This was the first time I have ever seen any variation of the show, but, I have wanted to see the performance live since I was a little girl so my expectations were pretty high. The music of the show is what made me really want to see the show in the first place. The beautiful iconic organ sound was just like I had imagined it except better. My only complaint with the orchestra  (Directed by Jamie Johns) was that at some points they were so loud and intense I was not able to hear the actors singing their songs. I could tell that the actors were belting out beautiful notes but all I could hear was that orchestra. Nevertheless the music they played was outstanding, it really brought me into the scene and straight into the song.

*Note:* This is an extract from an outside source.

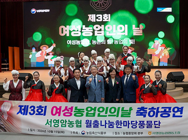 서영암농협 풍물은 지난 15일 농협중앙회 본관 대강당에서 열린 제3회 여성농업인의 날 기념행사에서 축하공연을 가졌다.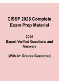The CISM Management Information Systems Final Exam 2 Study Guide 2025/2026 delivers a comprehensive collection of verified questions and detailed answers focused on key MIS concepts, security governance, risk controls, systems architecture, and information assurance. Designed to support high-level exam preparation, this A+ grade guaranteed guide provides structured explanations, exam-style practice, and essential topic coverage to help candidates confidently master core CISM competencies and exc...

The characters in the show bring out the dramatic nature embedded into the base of this production. Everything Derrick Davis (actor who plays the Phantom) does is dramatic to the way he talks, to the way he sings. When him and Christine (Eve lavares) are together they flow seamlessly with each other in their choreography. Their clear connection and history comes out strongly in their intimate dance in the song “Phantom of the Opera”. But then again, his obsessive behavior over Christine get so dramatic that it turns frightening. Christine Daae is shown to be a naive girl who just wants to learn to sing beautifully, which she does, no worry about that.

I was first drawn in by the and attention grabbing surround sound speakers that were put in the audience every 8 feet so that the Phantom is always there inside your mind…. The egg shaped set was a unique way to smoothly move the sets from scene to scene being able to just spin the entire half of this set piece around in a circle to showcase different scenes in the show. It does seem to compromise some of the scene work making them smaller and not as easily visible. Other then that the egg shape allows beautiful scene work including magic stairs, pop out red rooms, and it can even split up and create the Phantoms mysterious Lair. Along with that the set of balconies in the opera house are interesting because somehow people are able to sit up there.

This show was really everything I had hoped for, it met all my expectations. A few things caught my attention but they were pretty minor and did not affect the experience for me in a bad way at all. I would definitely recommend anyone come see the show it really is a spectacular production.